■ Aim of the task
Leave out the pictures and retype, exactly, the lines below from the line with "晚会伊始,学院党委书记宋文军" up to and including the line with "아웃백에서 투움바 파스타가", nothing more.

■ Stored data
++++++++++++++++++++

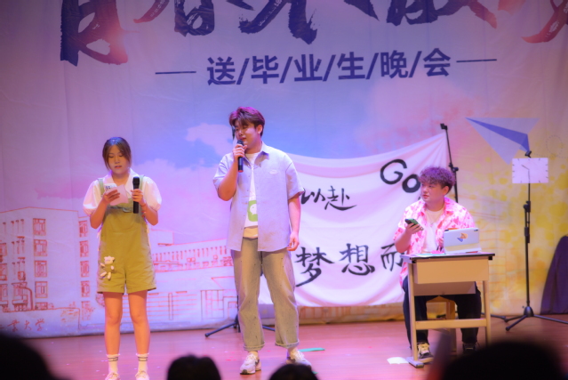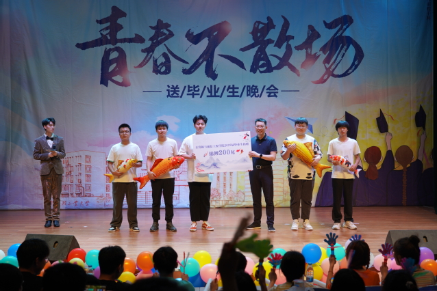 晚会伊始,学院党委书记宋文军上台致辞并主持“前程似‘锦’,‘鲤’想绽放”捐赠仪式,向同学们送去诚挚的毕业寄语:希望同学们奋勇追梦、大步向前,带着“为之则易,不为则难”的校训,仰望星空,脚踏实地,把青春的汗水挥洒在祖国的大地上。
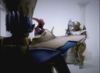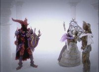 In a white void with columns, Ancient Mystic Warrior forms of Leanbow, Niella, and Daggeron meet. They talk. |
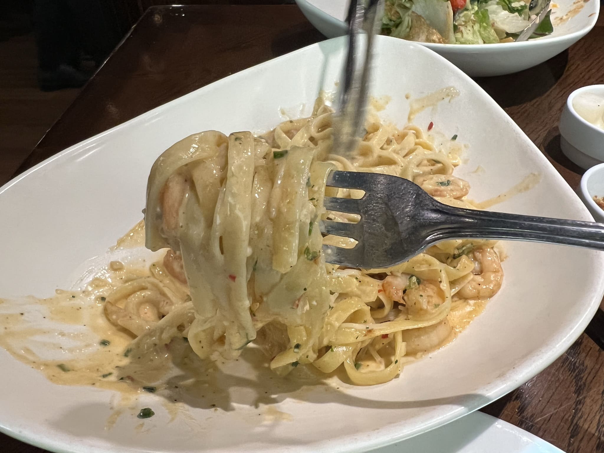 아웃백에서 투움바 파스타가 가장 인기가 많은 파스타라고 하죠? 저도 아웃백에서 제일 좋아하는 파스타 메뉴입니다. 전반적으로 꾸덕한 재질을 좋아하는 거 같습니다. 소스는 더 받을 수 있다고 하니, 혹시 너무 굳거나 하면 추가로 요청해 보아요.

++++++++++++++++++++

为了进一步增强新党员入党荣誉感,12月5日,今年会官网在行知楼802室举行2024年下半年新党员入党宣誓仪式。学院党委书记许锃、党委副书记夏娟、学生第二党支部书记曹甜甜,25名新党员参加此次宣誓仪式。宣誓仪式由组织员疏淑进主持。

++++++++++++++++++++

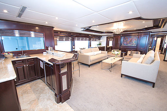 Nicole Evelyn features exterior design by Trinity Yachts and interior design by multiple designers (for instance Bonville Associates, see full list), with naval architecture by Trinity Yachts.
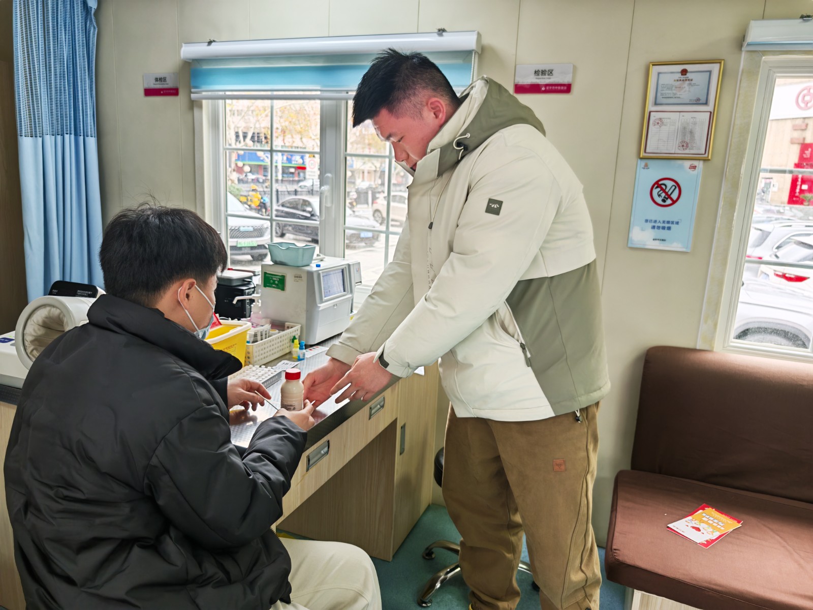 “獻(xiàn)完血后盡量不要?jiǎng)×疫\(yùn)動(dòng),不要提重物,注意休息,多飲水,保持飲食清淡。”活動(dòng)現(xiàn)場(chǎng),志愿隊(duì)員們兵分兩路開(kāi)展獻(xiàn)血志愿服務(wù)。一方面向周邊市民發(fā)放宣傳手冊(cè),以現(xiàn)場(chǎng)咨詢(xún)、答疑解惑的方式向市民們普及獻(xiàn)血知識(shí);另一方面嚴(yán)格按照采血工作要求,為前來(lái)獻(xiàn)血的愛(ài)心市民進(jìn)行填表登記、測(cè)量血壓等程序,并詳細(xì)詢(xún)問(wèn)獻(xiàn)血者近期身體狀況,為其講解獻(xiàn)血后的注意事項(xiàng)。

++++++++++++++++++++

■ Result for this task
 晚会伊始,学院党委书记宋文军上台致辞并主持“前程似‘锦’,‘鲤’想绽放”捐赠仪式,向同学们送去诚挚的毕业寄语:希望同学们奋勇追梦、大步向前,带着“为之则易,不为则难”的校训,仰望星空,脚踏实地,把青春的汗水挥洒在祖国的大地上。
 In a white void with columns, Ancient Mystic Warrior forms of Leanbow, Niella, and Daggeron meet. They talk. |
 아웃백에서 투움바 파스타가 가장 인기가 많은 파스타라고 하죠? 저도 아웃백에서 제일 좋아하는 파스타 메뉴입니다. 전반적으로 꾸덕한 재질을 좋아하는 거 같습니다. 소스는 더 받을 수 있다고 하니, 혹시 너무 굳거나 하면 추가로 요청해 보아요.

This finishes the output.